Change Preventers
Welcome to the "Change Preventers" category. As the name suggests, these are the code smells that make your software resistant to change.
When you try to add a feature or fix a bug, do you feel like you're fighting the code? Do you have to touch a dozen files just to change a simple label? Or do you find that changing one class breaks five unrelated features? If so, you're likely dealing with Change Preventers.
"For the things we have to learn before we can do them, we learn by doing them." — Aristotle
Software is meant to be "soft"—malleable and easy to change. These smells harden your codebase, making it brittle and difficult to maintain.
Smell List
Here are the classic smells in this category:
Divergent Change
Occurs when one class is changed for many different reasons. It violates the Single Responsibility Principle.
Shotgun Surgery
Occurs when a single change requires you to make many small edits to many different classes. It's the opposite of Divergent Change.

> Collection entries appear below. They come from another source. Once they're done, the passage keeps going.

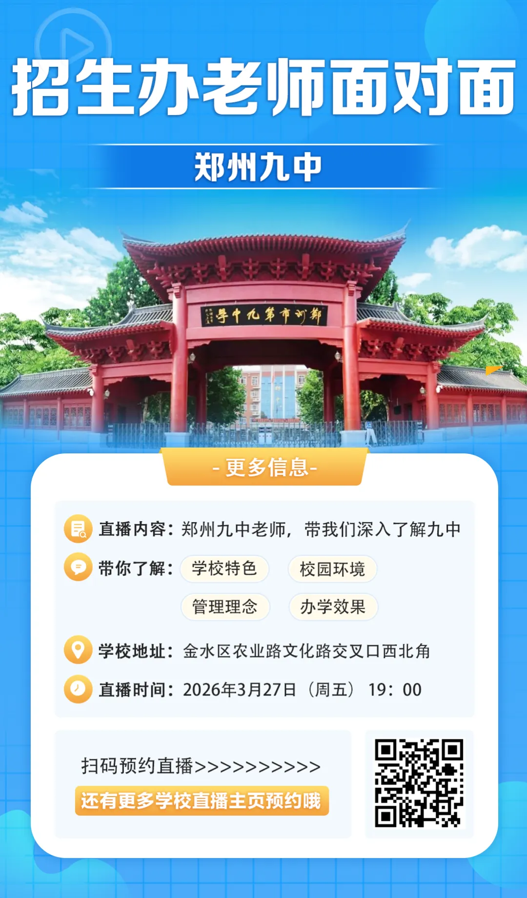 明晚九中学校老师将来到咱们直播间,学校更详细的内容,大家可以扫码预约明晚直播哦!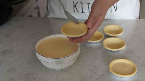 - Scoop the filtered egg tart liquid directly into the egg tart crust, and each is about 70% full.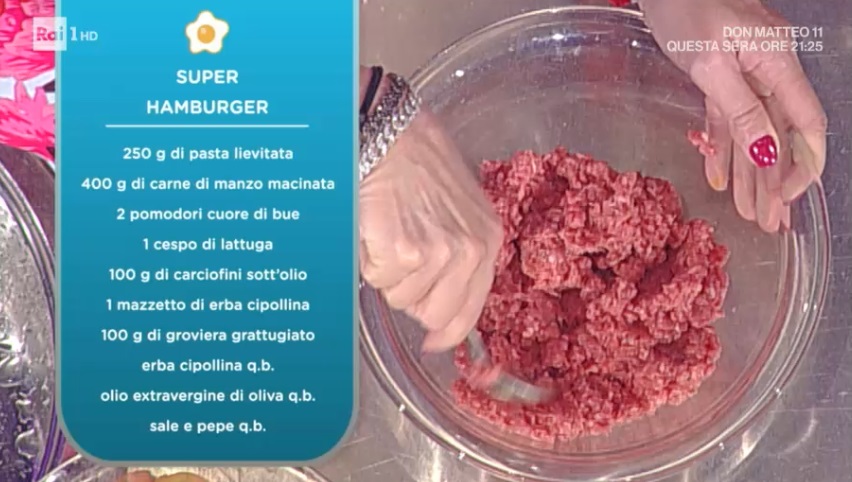 - 250 g pasta lievitata, 400 g carne di manzo macinata, 2 pomodori cuore di bue, 1 cespo di lattuga, 100 g carciofini sott’olio, 1 mazzetto di erba cipollina, 100 g groviera grattugiato, erba cipollina, olio evo, sale e pepe
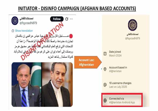 پاکستان کے خلاف مصنوعی ایرانی ردعمل افغانستان سے آپریٹ اکاؤنٹس کے ذریعے پھیلایا گیا، افغان نیٹ ورک کو بطور proliferators استعمال کرنے کا ثبوت بھی سامنے آگیا ہے، بھارتی ڈس انفارمیشن حملے کا مقصد امن کوششوں کے کلیدی کردار پاکستان کو متنازعہ بنانا تھا۔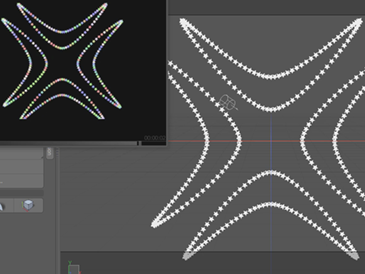 Array Generatorの矢印のアイコンをクリックし、Primitive Generatorへと置き換えます。複製エフェクタ元の形状を置き換えるオプションをオンにすると、プリミティブジェネレータで指定するプリミティブの形状に従って、星が複製されるようになります。さらにプリミティブジェネレータのタイププリセットにし、ツールパイプとしてContent Presetを追加してみます。Content Presetから指定したカーブの形状に従って、簡単に複製が行えるようになります。シェイプの形状は、好きなカーブを登録することができますので、オリジナルのカーブ形状に沿って複製したり、またそれを後から何度でも使ったり、複製すると同時にそのプロファイルで押し出しなどの他のモデリング処理も行うなど、様々な表現が可能になります。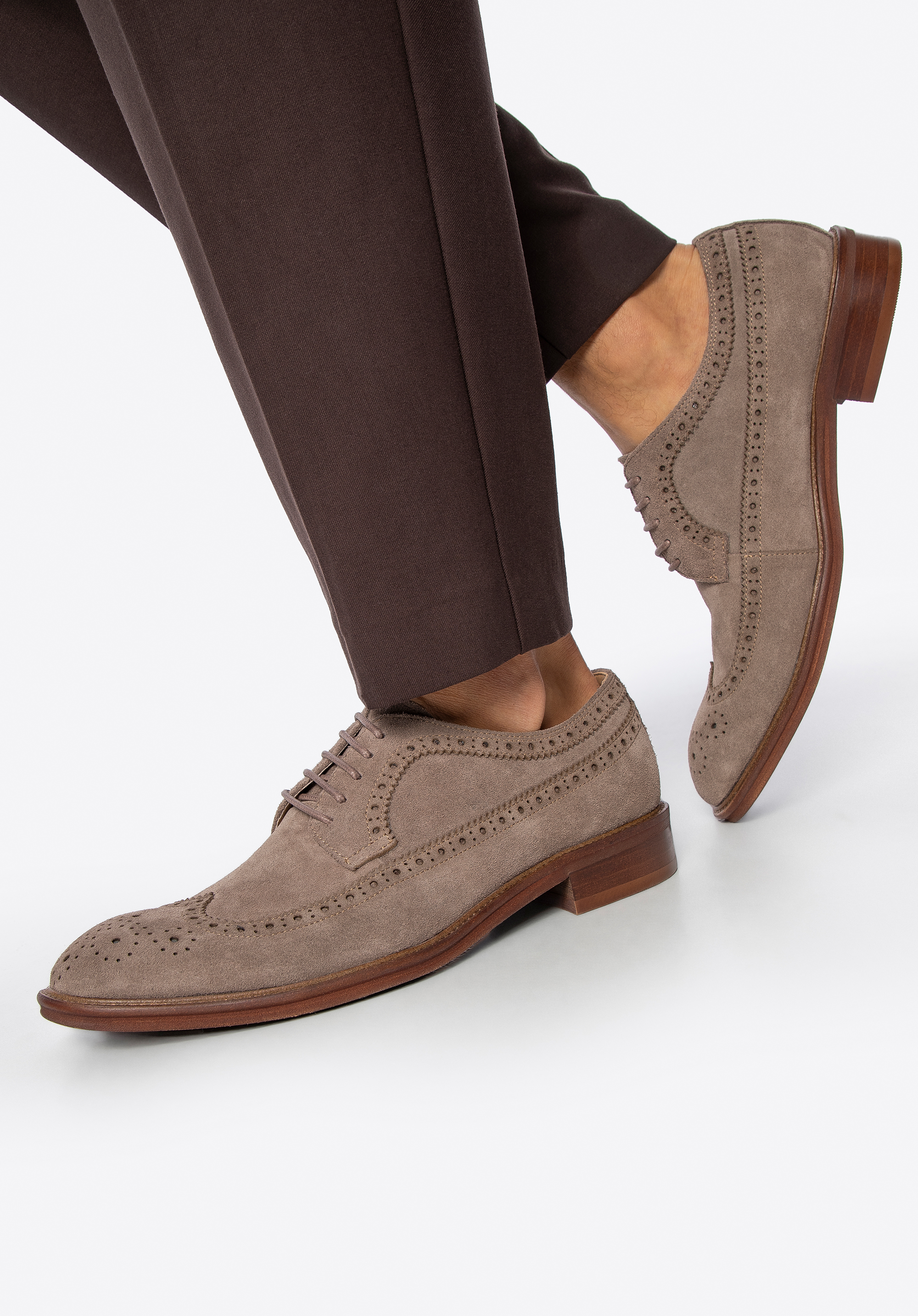 Tyto stylové derby boty jsou ztělesněním elegance a pohodlí. Jsou vyrobeny z prvotřídní semišové kůže a zaujmou svou měkkostí, odolností a perforací , která dodává jedinečný nádech. Klasická mandlová špička a rafinované detaily dělají z těchto bot nezbytnou součást šatníku pro muže, kteří ocení nadčasový styl.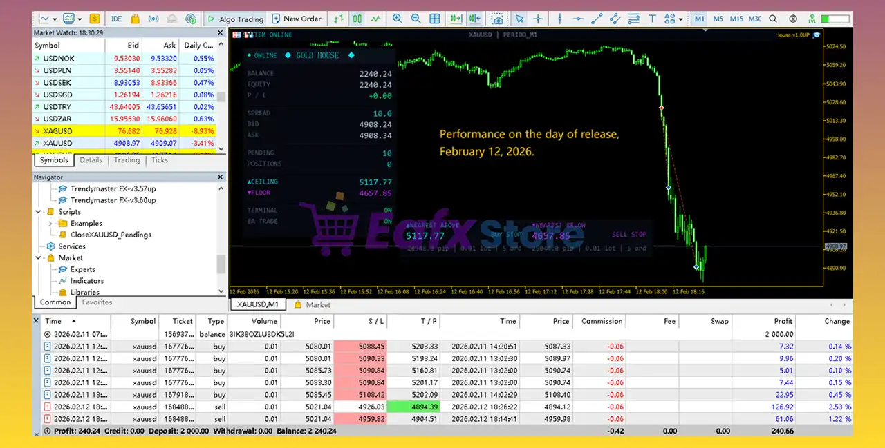 Gold House MT5 trades adaptive swing high and swing low breakouts aligned with trend filters.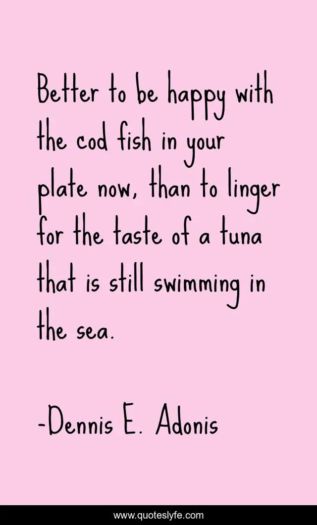 This page presents the quote "Better to be happy with the cod fish in your plate now, than to linger for the taste of a tuna that is still swimming in the sea.". Author of this quote is Dennis E. Adonis. This quote is about satisfy, love, relationship, money, together, choices, contentment, greed, marriage,.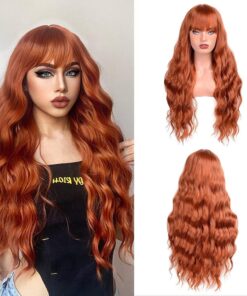 Auburn Wigs for Women,Long Curly Layered Wig with Bangs Synthetic Wigs Heat Resistant Wavy Hair for Party Cosplay Daily Use (26 Inch)

Parallel Inheritance Hierarchies
Occurs when every time you make a subclass of one class, you also have to make a subclass of another.
Combinatorial Explosion
Occurs when a hierarchy of classes explodes in size because it tries to cover every combination of independent features using inheritance.
In this section, we will explore each of these smells in detail, understand why they happen, and learn how to refactor them away to make your code easier to change.